However, even he can be right, occasionally. In today's column (AJC), he says that the U. S. Constitution needs an update concerning the balance of powers to declare war. Krauthammer disagrees sharply with President Obama's position that he does not need to consult Congress about our role in Libya. Obama has asserted that we are not engaged in "hostilities" and therefore not subject to the War Powers Act.
But Krauthammer goes on to say that the constitutional authority that gives Congress the sole power to declare war is archaic and obsolete, because in the modern world:
No one declares war anymore. Since World War II, we’ve been involved in five major wars, and many minor engagements, without ever declaring war.But it’s not just us. No one does. Declarations of war are a relic of a more aristocratic era, a time when, for example, an American secretary of state closed his department’s code-cracking office because “gentlemen do not read each other’s mail.”

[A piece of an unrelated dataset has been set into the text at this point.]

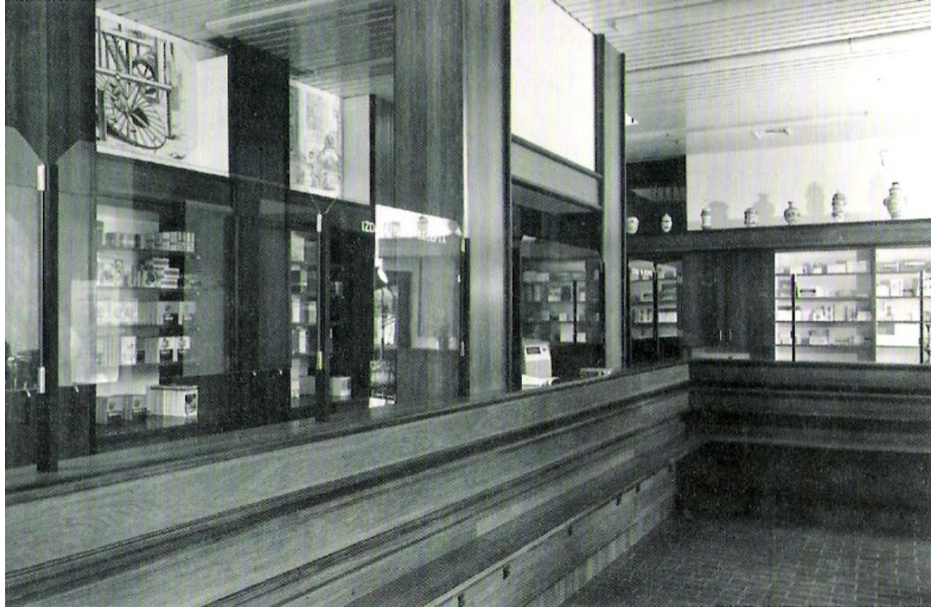
Lekarna Radovljica - oficina, 1977-97

The power to declare war has become, through no fault of anyone, archaic and obsolete. Taken literally, it is as useless as granting Congress the right to regulate horse-and-buggies.
We need, therefore, some new way to fulfill the original constitutional intent. The WPR [War Powers Act] was a good try, but it failed because it was the work of Congress alone, which tried to shove it down the throat of the Executive, which, in turn, for over three decades has resisted it as an encroachment on the inherent powers of the commander in chief.
Krauthammer says that we need a new constitutional understanding, one that both Congress and the Executive Branch can agree on, to meet the needs for quick action but with some consulting and oversight role for Congress.
It seems to me that both parties should agree with that. If we could only have time enough when we are not at war abroad, or when the Dems and Repubs are not so at war with each other, that we could cooperate on something that makes sense and is sorely needed.